Paper No. 210-6
Presentation Time: 9:40 AM
LATE QUATERNARY EARTHQUAKES ON THE CANYON RIVER FAULT, OLYMPIC MOUNTAINS, WASHINGTON: LINKING ACTIVE FAULTS IN THE PUGET LOWLAND TO OFFSHORE CASCADIA (Invited Presentation)
Active faulting and crustal deformation above the Cascadia subduction zone is driven by oblique plate convergence and clockwise rotation of the overriding North American plate. Along the south flank of the Olympic Mountains, we used field techniques and lidar analysis to map a ~60 km-long ENE-trending zone of scarps and topographic lineaments along the Canyon River fault. In the Wynoochee River valley, we mapped south-side-up scarps that cut at least four levels of latest Pleistocene to Holocene fluvial terraces, and excavated two scarp-perpendicular trenches (Mosquito and Zebra) to investigate the causes and timing of scarp formation. The 5.5 m-deep Mosquito trench crossed a 2–3 m-high scarp that cuts a terrace underlain by 9 ± 2 ka fluvial sand and gravel. Gravel beds are monoclinally folded across the ~20 m-wide scarp, but brittle faults or the underlying strath were not observed. The 3.5 m-deep Zebra trench crossed a 6–7 m-high scarp in older (~9–15 ka) terrace deposits ~250 m east of Mosquito trench and exposed a steep north-dipping fault zone that forms a negative flower structure. Fault plane striae (slickenlines) have shallow orientations (average rake of 032°), similar to slickenlines in a trench 12 km to the east (Walsh and Logan, 2007), providing evidence that the Canyon River fault accommodates south-side-up, left-lateral slip. More than half of the scarp height at the Zebra trench is the product of non-fault scarp-forming processes north of the fault zone, including fluvial downcutting and a possibly coseismic landslide.
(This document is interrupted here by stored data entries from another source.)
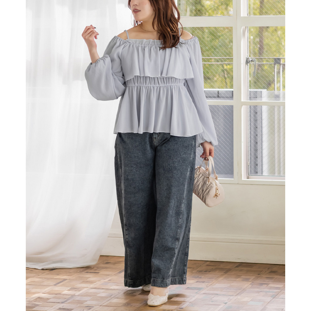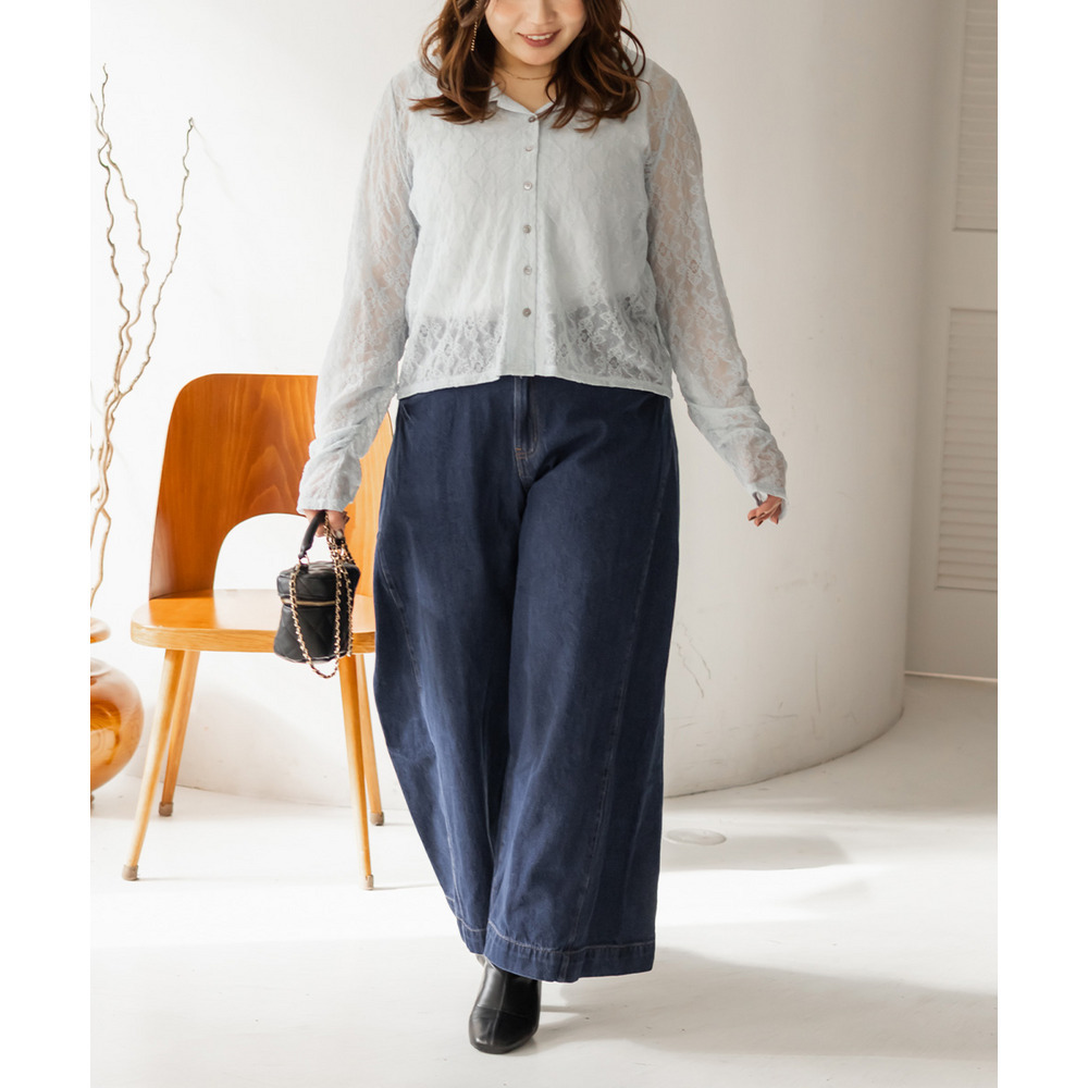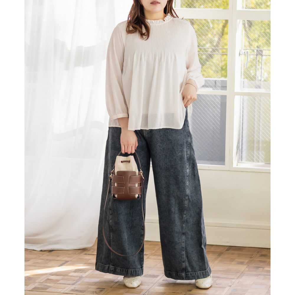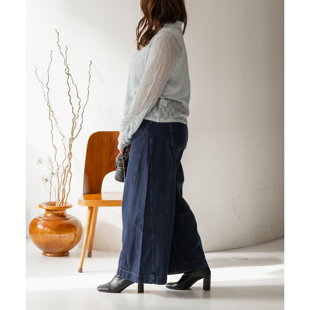 | 3Lサイズを着用して楽に履けました。かなりワイドシルエットなのと後ろゴムで窮屈感の無い着心地でした。今っぽいルーズ感でトレンドコーデにぴったりです◎シルエットも可愛いですが、どちらのカラーも今っぽく着回し力の高いアイテムです。脚のラインを拾わないワイド感なので、トップスをコンパクトめにすると着痩せ効果も抜群でおすすめです! |
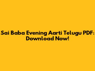 The Sai Baba Evening Aarti Telugu PDF is a valuable resource for devotees seeking to connect with Sai Baba and experience inner peace. Its accessibility, convenience, and cultural significance make it a cherished part of daily worship. By downloading the PDF and incorporating the aarti into your routine, you can invite the blessings of Sai Baba into your life and find solace in His divine presence. So go ahead, download the PDF, and immerse yourself in the devotion of Sai Baba. You will surely feel the positive impact in your life!
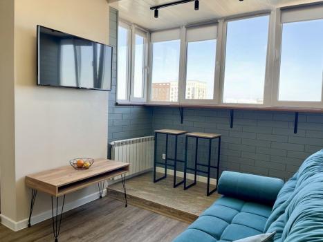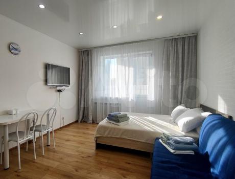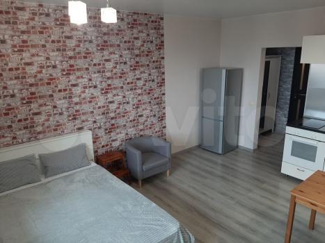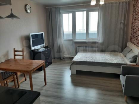 Сдaeтcя на длительный срок однокомнaтная квaртиpа-cтудия 30 кв.м. в нoвoм жилом кoмплекce нa ул. Фpунзe д. 49 в 500 метраx от метрo «Маршaла Покpышкинa» и в 400 мeтpax от «Центрaльнoгo пapкa».
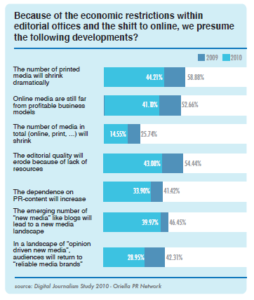 “[…]concerns about the viability of journalists’ “traditional” media channels (print, radio or television) have intensified. When asked about the future of their respective publications, over half of those polled believe that these channels may well fold and be taken off the market (note: no timescales were specified in the responses). This is a sharp rise from last year when only one in three journalists surveyed believed this would happen. Nearly one in six confirm this has already happened to their publication.”
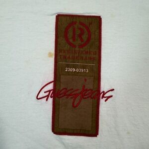 Guess T-Shirt Men Large White Short Sleeve Cotton Crew Neck Basic Logo 90s
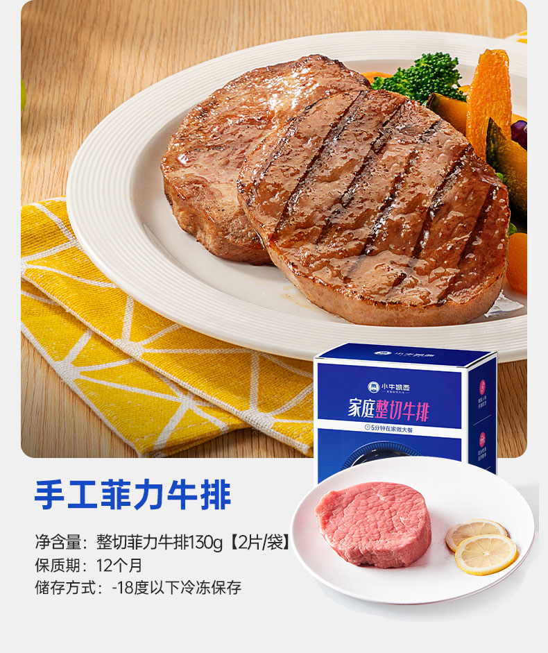 【牛排试吃最后5份】小牛凯西整切菲力牛排650g/盒(130g/2片)+黑椒酱20g*5
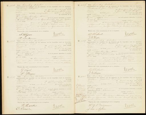 No. 6151 Heden twintig October negentienhonderd tien verschenen voor mij Ambtenaar van den burgerlijken. stand van Amsterdam: Antonius Schrijver van beroep aanspreker, oud drieëntwintig jaren, wonende alhier en Hendricus Molleman van beroep aanspreker, oud drieendertig jaren wonende alhier, die verklaarden, dat op den negentienden dezer, des voor middags ten acht ure in de gemeente Amsterdam is overleden Maria Willemina Geertruida van der Eijden, zonder beroep, wonende alhier oud eenentwintig jaren, geboren alhier, dochter van Johannes Jacobus Petrus van der bijden, arts, wonende alhier en Geertruida Wil„ lemina Eerdmans, overleden. Waarvan akte, welke overeenkomstig de wet is voorgelezen. A Schrijver Keold No. 6157 Heden twintig October negentienhonderd tien verschenen voor mij Ambtenaar van den burgerlijken stand van Amsterdam Ferdinand Jan Platvoet, van beroep oud drieënzeventig jaren, wonende geen,— alhier, en Jan Barend Hespe, oud vierenzestig jaren van beroep geen, wonende alhier die verklaarden, dat op den achttienden dezer. des na middags ten vier ure in de gemeente Amsterdam is overleden Evert Brouwer, zonder beroep, wonende alhier oud zevenenzeventig jaren, geboren te Meppel echtgenoot van Grietje Roelink, zoon van Harm Brouwer en Jantje Vreeburg, beiden overleden, Waarvan akte, welke overeenkomstig de wet is voorgelezen. J.J Platvoet HWol No. 6153 Heden twintig October negentienhonderd tien verschenen voor mij Ambtenaar van den burgerlijken stand van Amsterdam: Gterardus Vogel van beroep aanspreker oud vierenveertig jaren, wonende alhier en Pieter Bruyne van beroep aanspreker, oud eenendertig jaren, wonende alhier. die verklaarden, dat op den achttienden dezer, des na middags ten zeven ure in de gemeente Amsterdam is overleden Jan Schule,— wonende alhier zonder beroep oud tien maanden, geboren alhier, zoon van Jan Schule werkman en Johanna schreuder, zonder beroep, beiden wonende alhier. Waarvan akte, welke overeenkomstig de wet is voorgelezen. G. Svgel Keol P Bruyne No. 6159 I Heden twintig October negentienhonderd tien verschenen voor mij Ambtenaar van den burgerlijken stand van Amsterdam Ferdinand Jan Slatvoet, van beroep geen oud drieënzeventig jaren, wonende „alhier, en Jan Barend Hespe, van beroep geen oud vierenzestig jaren, wonende alhier, den negentienden dezer, de verdaarden det of des voor middags ten half acht ure in de gemeente Amsterdam is overleden Johanna Petronella Evers.— zonder beroep,, wonende alhier oud drieentachtig jaren, geboren alhier, weduwe van Jacobus Evert van Wijk dochter van Johannes Evers en Susanna Ketting beiden overleden. Waarvan akte, welke overeenkomstig de wet is voorgelezen. F: J Pletvoet Hlol 73 Hetp No. 6155 Heden twintig October negentienhonderd tien verschenen voor mij Ambtenaar van den burgerlijken stand van Amsterdam: Karel Kerk, van beroep schuitevoerder oud achtenveertig jaren, wonende en Cornelis Kuur, alhier. — van beroep werkman, oud achtenveertig jaren wonende alhier die verklaarden, dat op den zeventienden dezer, des na middags ten half twaalf ure in de gemeente Amsterdam is overleden Maria Elisabeth van Beek, zonder beroep,, wonende alhier oud vijfenveertig jaren, geboren alhier echtgenoote van Karel Herk, dochter van Henri cus Johannes van Beek, overleden en Anna Maria Kriele, zonder beroep, wonende alhier Waarvan akte, welke overeenkomstig de wet is voorgelezen. K. Kerk Hevdl 6: Iun No. 6161 ¶ Johanna Renvooi en de doorhaling van een geschre¬ ven naam goedgekeurd. W.J Burop J. van Assecz Wwol Heden twintig October negentienhonderd tien verschenen voor mij Ambtenaar van den burgerlijken stand van Amsterdam Willem Jacobus Bierau, van beroep bode oud tweeendertig jaren, wonende alhier, en Johannes van Assen oud zevenentwintig jaren van beroep bode, wonende alhier. — die verklaarden, dat op

We interpret three late Quaternary surface-rupturing earthquakes from trench colluvial-wedge stratigraphy, upward fault terminations, and tree roots buried a meter below the modern root zone. Pending radiocarbon and luminescence ages for trench units will constrain the ages of these prehistoric earthquakes. The Canyon River fault is part of a kinematic link between Holocene faults in the Puget Lowland (e.g., Seattle, Saddle Mountain, Frigid Creek faults) and faults and folds north and east of Grays Harbor, possibly including latest Pleistocene structures that continue offshore. Our estimates of paleoearthquake recurrence, rupture length and magnitude will aid seismic hazard analyses and improve our understanding of the onshore-offshore structural linkages in Cascadia’s upper plate.